The problem starts with policy being handled as a 19th century invention, that is as an isolated document.   Then the document is passed to various departments with responsibility to make sure the policy is followed.  These departments create procedures to ensure the policy is followed. When someone wants to create a new initiative or project, they need to determine all procedures from all policies involved and then put in an effort to follow  these often disjointed procedures which often have hidden interdependencies.  This seems to be a primary cause of what we commonly call the ‘bureaucracy’.

Many well intended policies come together to produce unintended, entangled procedures which form a barrier to quickly creating new initiatives.  Essentially this is a emergent property of the many policies which have been implemented over the years, as well as the many offices created to follow the many policies.  The result is fewer or slowed new initiatives leading to less innovation and collaboration. (Since almost by definition collaborative efforts will involve new initiatives.)  A confounding problem is that new technology is causing procedures to have to be reconsidered and policies reinterpreted which adds to the complexity.

There is data on policy to effort connections but it does not seem to be centrally accessible or uniformly stored.  And the large differences between  interpretation by individuals on every node in the PREP data which can change for every decision confound the problem of understanding what is really happening.

New policies to instigate new initiatives are now being issued and fast results are expected, but because of this unseen mesh which holds up execution, the top levels are frustrated with the work not getting done.   Meanwhile the people in agencies feel that they are too constrained to get the new initiative started.  Since the mesh is invisible, solutions to change the system become confusing and difficult to follow because they normally add to the mesh rather than disentangle and streamline it.

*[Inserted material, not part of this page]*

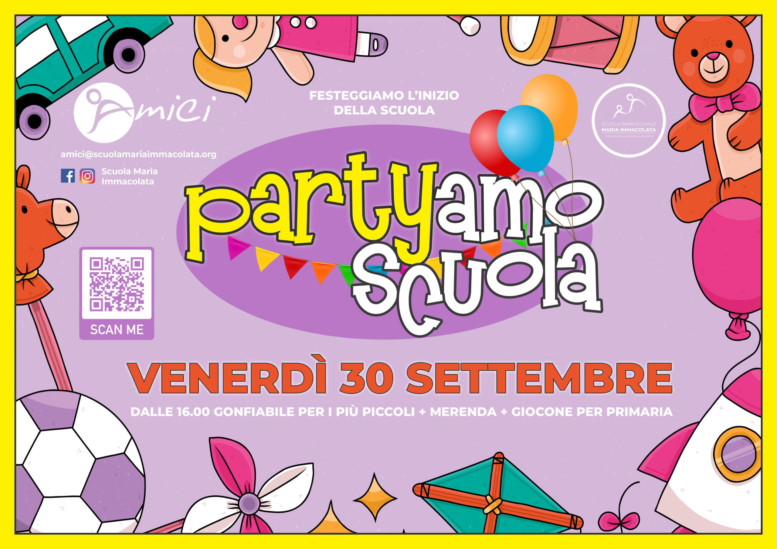 L'Associazione a sostegno della scuola AMICI propone per venerdì 30 settembre 2022 alle 16.00, un pomeriggio di festa e giochi per i bambini della Scuola dell'Infanzia e Primaria.

Solution: Map the PREP (Policy-Responsibility-Effort-Procedure) data and use this map to create guidance on streamlining implementation of policies as well as identifying duplicate or unnecessary procedures.  The data should include the amount of ongoing or one time man hours involved in the effort to follow a procedure, the average calendar delay caused by a procedure, and any interdependency with other procedures.

How? Initially just collect the data in a standardized and centrally accessible format.   It will be almost immediately useful. Use collaborative techniques to collect a lot of data quickly even if it means lower quality data initially. Then gradually move the data to a Semantic/RDF storage system where it can be queried in many different ways and linked to the broader set of definitions such as law, case history etc.

This will be the start of making a more agile, collaborative and data centric government.

The Challenge to this approach: Besides data management which is not too bad initially.   A lot of these hidden paths are not 100% ok with 100%  of interpretations of policies,  so how do we create a collaborative environment without people worrying that the interpretations which allow them to get things done will be ruled to be incorrect?  It seems this needs to be a research project that can’t be looked for that purpose.